He knows where she is, of course, knows she has in fact truly been in Hong Kong but is unsure about the part where she’s been on a date. He doesn’t expect her to be celibate, of course, but the thought still rattles him and it’s even worse now that he can’t bring himself to feel angry about it. Just hurt. But it’s been six months and it’s her birthday, so Klaus sends the wooden horse he carved from when they last saw each other as a present.

Caroline does not reply, though, does not even bother to send the package back in retaliation, and Klaus burns for her, okay? He doesn’t like the heaviness that her absence brings him. He doesn’t like that he has to hide his solitude behind forced loyalty and big houses again without her. He doesn’t like that he doesn’t deserve her, he never did, but god he wished he did.

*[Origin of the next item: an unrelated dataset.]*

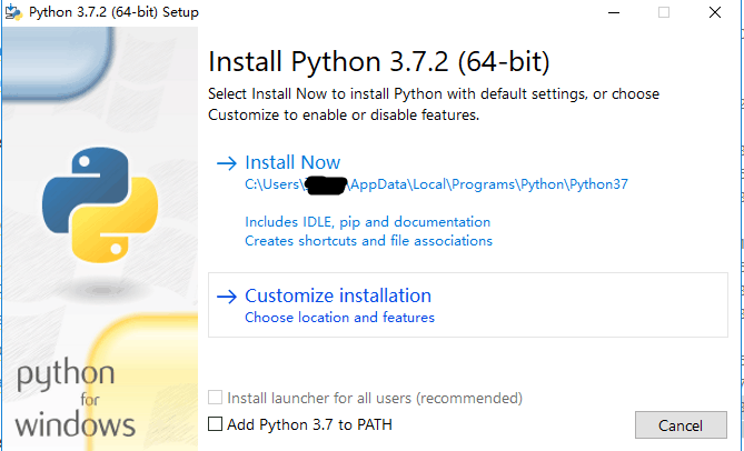 记得勾选下面那个选项:✔ADD Python 3.7 to PATH

He knows where she is, so he goes to her.

She looks at him like she expected him to show, but it’s the indifference that makes his chest ache like it’s been staked over and over.

“You don’t get it,” he starts to tell her, and he loathes the way her shoulders drop at his words, the way she looked so disappointed yet so casually accepting, like she should have known better. “I don’t separate you from your light like you think I do.”

Caroline sighs and brings her hands to cover her pretty face. “I really don’t want to talk about this anymore, Klaus.”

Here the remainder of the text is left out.